→ TASK TO COMPLETE:
Keep the wording of every entry exactly as it is while leaving the pictures out of your copy.

╭──

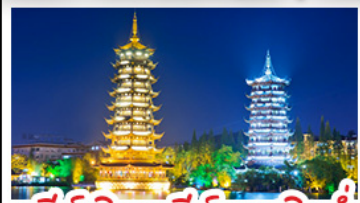
เจดีย์เงินเจดีย์ทองวิวคำ

หมู่บ้านแม่หัวซีเจียง - เขารู้อยี่ - ภูเขาบ่ฝนี่ เมืองบ่เจียง เขางวงซ้าง - เจดีย์เงินเจดีย์ทองวิวคำ - เขารู้อยี่ ซ้อบบิ่งกบถนนคนเดิน ซีเซียง - ซีเจียง แม่บูพิเศษ บูฟ้าพีตซาบูซีฟู้ด ปลาอบเนียร์ เมื่อกคริสตล สุกี้หัด
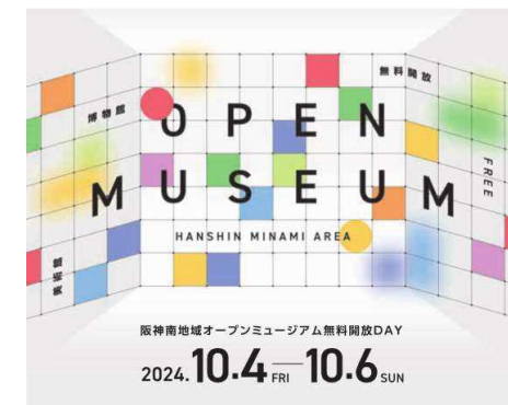
オープンミュージアム無料開放DAYキービジュアル
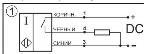
Цоколевка клеммной колодки
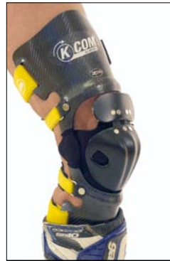
K-COM Knieorthese Carbonfaser

Die K-COM Knieorthese wird (ohne Mehrpreis) nach einem Gipsabdruck individuell gefertigt. Sie gibt dem Kniegelenk optimalen Schutz und Halt und ist dank der optimierten Konstruktion auch unter Lederkombis gut zu tragen.
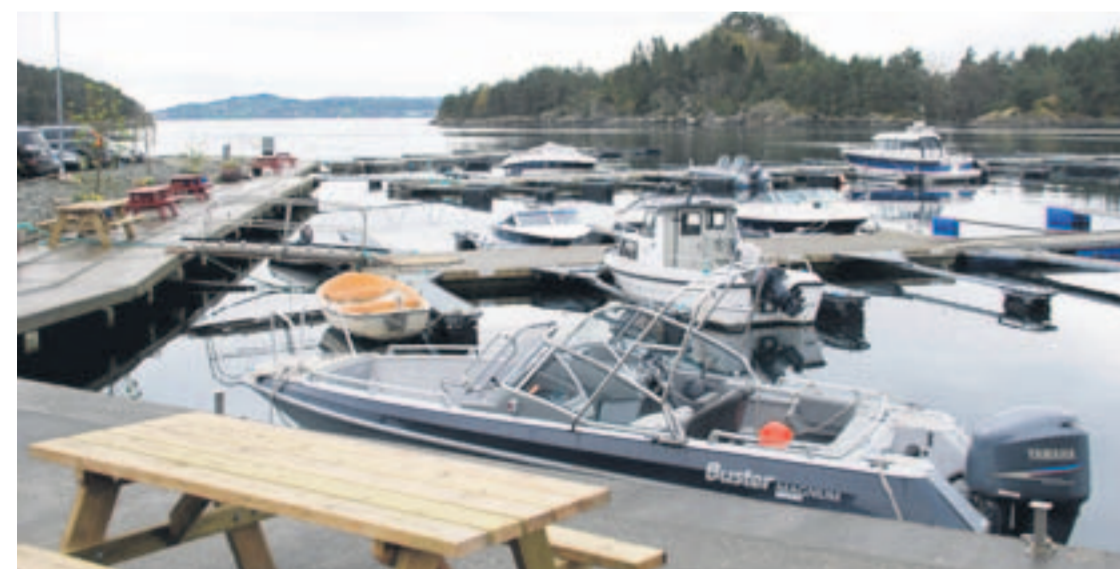
Ombo har 250 innbyggere og er 56 km 2 stor med oppmerkede turløyper og 2 gartneri med blomsterutsalg. God service får du av Karin på den lokale Joker-butikken på Eidsund kai.
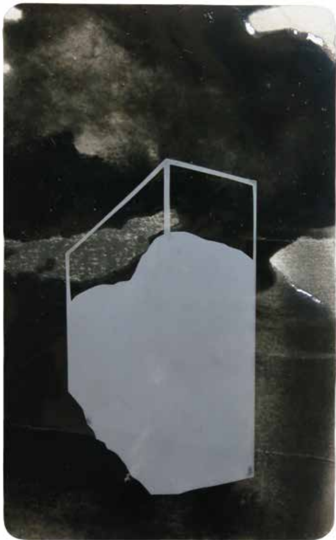
Kevin Vanwongerghem, [zonder titel], 2019, houtskool en acrylhars op papier, 8 x 13 cm

Het is ook naar deze schilder dat de zogenaamde claudespiegel is genoemd. De miroir de Claude of Claude glass (ook als black mirror aangeduid) was zeer geliefd bij achttiende-eeuwse schilders. Het is een draagbare, enigszins gebolde spiegel met een zwarte achtergrond. Als je met je rug naar een te bewonderen landschap staat, zie je in de spiegel een breed panorama. Je ziet de grote lijnen, minder de detaillering, en getemperde kleuren. Het biedt een mooi overzichtelijk geheel en was destijds niet alleen bij de kunstenaars maar ook bij toeristen een geliefd hebbeding. Ze konden er de natuur in bekijken zoals ze die graag wilden zien. Door de spiegel te gebruiken kan je delen van het landschap in de spiegel isoleren, niet gehinderd door storende elementen in je gezichtsveld. Het gebruik ervan laat je toe om te idealiseren.

╰──

→ ANSWER BOX:
เจดีย์เงินเจดีย์ทองวิวคำ

หมู่บ้านแม่หัวซีเจียง - เขารู้อยี่ - ภูเขาบ่ฝนี่ เมืองบ่เจียง เขางวงซ้าง - เจดีย์เงินเจดีย์ทองวิวคำ - เขารู้อยี่ ซ้อบบิ่งกบถนนคนเดิน ซีเซียง - ซีเจียง แม่บูพิเศษ บูฟ้าพีตซาบูซีฟู้ด ปลาอบเนียร์ เมื่อกคริสตล สุกี้หัด
オープンミュージアム無料開放DAYキービジュアル
Цоколевка клеммной колодки
K-COM Knieorthese Carbonfaser

Die K-COM Knieorthese wird (ohne Mehrpreis) nach einem Gipsabdruck individuell gefertigt. Sie gibt dem Kniegelenk optimalen Schutz und Halt und ist dank der optimierten Konstruktion auch unter Lederkombis gut zu tragen.
Ombo har 250 innbyggere og er 56 km 2 stor med oppmerkede turløyper og 2 gartneri med blomsterutsalg. God service får du av Karin på den lokale Joker-butikken på Eidsund kai.
Kevin Vanwongerghem, [zonder titel], 2019, houtskool en acrylhars op papier, 8 x 13 cm

Het is ook naar deze schilder dat de zogenaamde claudespiegel is genoemd. De miroir de Claude of Claude glass (ook als black mirror aangeduid) was zeer geliefd bij achttiende-eeuwse schilders. Het is een draagbare, enigszins gebolde spiegel met een zwarte achtergrond. Als je met je rug naar een te bewonderen landschap staat, zie je in de spiegel een breed panorama. Je ziet de grote lijnen, minder de detaillering, en getemperde kleuren. Het biedt een mooi overzichtelijk geheel en was destijds niet alleen bij de kunstenaars maar ook bij toeristen een geliefd hebbeding. Ze konden er de natuur in bekijken zoals ze die graag wilden zien. Door de spiegel te gebruiken kan je delen van het landschap in de spiegel isoleren, niet gehinderd door storende elementen in je gezichtsveld. Het gebruik ervan laat je toe om te idealiseren.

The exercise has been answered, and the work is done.